The Bishop of Sheffield’s 2020 Christmas Sermon

Second, face. I wonder how you feel about your own face. Certainly, it bears a lot of your history. It’s true, isn’t it, that a lot of what we go through in life gets etched into our faces; and it’s also true that we read a lot about others by looking at their faces. That’s why face-coverings have made it so hard for us to relate well to one another: we all instinctively try to look one another in the face. We know the value of our masks: we have learned that we can catch and can transmit the virus through mouth and nose, so we readily wear our masks in order to protect ourselves and others. But it is a deprivation: faces matter in relationships.
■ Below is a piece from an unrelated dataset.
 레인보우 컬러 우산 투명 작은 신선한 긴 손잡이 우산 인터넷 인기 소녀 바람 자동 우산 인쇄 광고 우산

So, then think about the face of the baby Jesus then, and about Mary and Joseph, looking down, with love beaming out of their faces at the new-born Christ-child. The truth at the heart of the Christmas story is an extraordinary one – that in the birth of Jesus, God himself has come among us, God became incarnate, made human for us. Listen again if you would to the first and last words of our Gospel reading tonight: in the beginning was the Word, and the Word was with God and the Word was God; and the Word became flesh and lived among us, and we have seen his glory, the glory as of a father’s only son, full of grace and truth.

Christians believe that when we look into the face of Jesus, we see the face of God revealed. And we believe that what we see in that face is grace and truth. Of course, these days, we mostly use the word grace to describe physical movement – in dance perhaps, like Oti Mabusi on Strictly, full of grace. But the Bible uses the word to describe Jesus’ character, and the character of God – not referring to physical movement, though yes, still referring to a kind of beauty. But it is the beauty of mercy, of generous favour, of undeserved kindness.
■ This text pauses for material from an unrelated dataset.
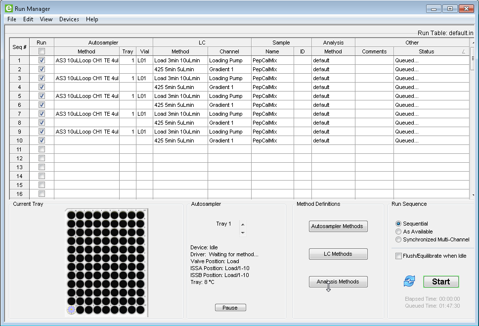 SCIEX OS software can support external devices that are not under direct control by using contact closure. Contact closure enables synchronization of the SCIEX OS software controlled device (the MS) and the external device (the LC in this case), ensuring that experimental batches can be generated and run on the two devices with appropriate timing. For example, a sample batch can be developed in SCIEX OS software for MS acquisition, and then the same sample batch can be replicated on an external LC device with the desired methods and autosampler settings. With contact closure in place, acquisition of mass spectra will be triggered upon the start of the LC gradient method on the external device. This post will explain how to use contact closure to synchronize a NanoLC 425 system for nanoflow and microflow chromatography with a mass spectrometer controlled by SCIEX OS software.

And of course these days, we mostly use the word truth in relation to facts – and perhaps in the USA and in the UK too, 2020 has seen at least the start of a return of respect for facts, for science, for experts after several years in which we have endured the politics of fake and fantasy. But when the Bible speaks about the truth which we see in the face of Jesus and in the face of God, again it refers to character – to trustworthiness and integrity, reliability and steadfastness.

Read it all.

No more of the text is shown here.